**Data excerpt**
== Segment start ==

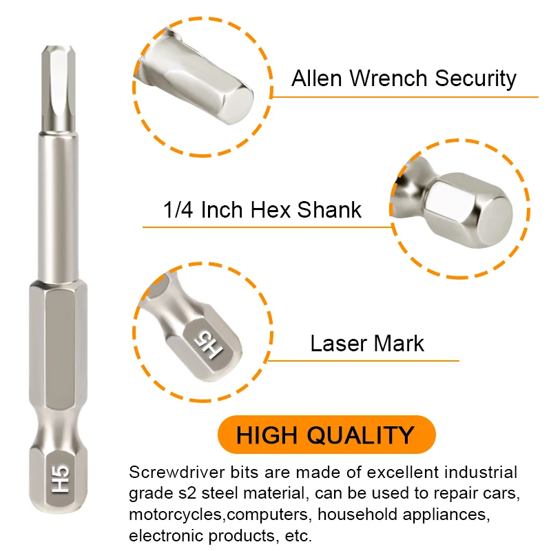 1. Набор шестигранных бит изготовлен из легированной стали s2, твердость может достигать HRC60 градусов.
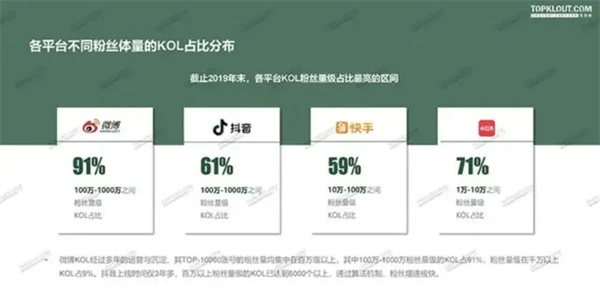 首先,腰部KOC把控著(zhù)小紅書(shū)絕大部分聲音,導致小紅書(shū)無(wú)法孵化出薇婭、李佳琦、辛巴、羅永浩這種頂流KOL。據統計,微博和抖音KOL的粉絲量級都是100-1000萬(wàn)之間的級別為主;快手KOL以10-100萬(wàn)之間的粉絲量級為主。
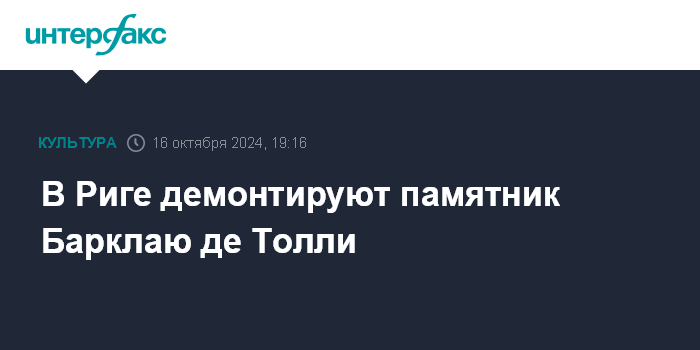Москва. 16 октября. INTERFAX.RU - Рижская дума большинством голосов одобрила демонтаж и перенос из парка в центре города статуи русского полководца Михаила Барклая де Толли, передает агентство Leta.
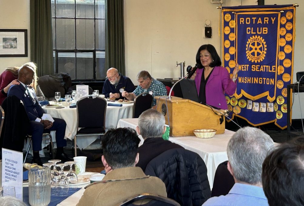 The Rotary Club of West Seattle hosted West Seattle’s highest-ranking elected official at this week’s lunch meeting.

== Segment end ==

**Instructions to follow**
The lines to repeat run from the line containing "Москва. 16 октября." through the end of the listing above, both included; give them exactly and without pictures.

**Solution below**
Москва. 16 октября. INTERFAX.RU - Рижская дума большинством голосов одобрила демонтаж и перенос из парка в центре города статуи русского полководца Михаила Барклая де Толли, передает агентство Leta.
 The Rotary Club of West Seattle hosted West Seattle’s highest-ranking elected official at this week’s lunch meeting.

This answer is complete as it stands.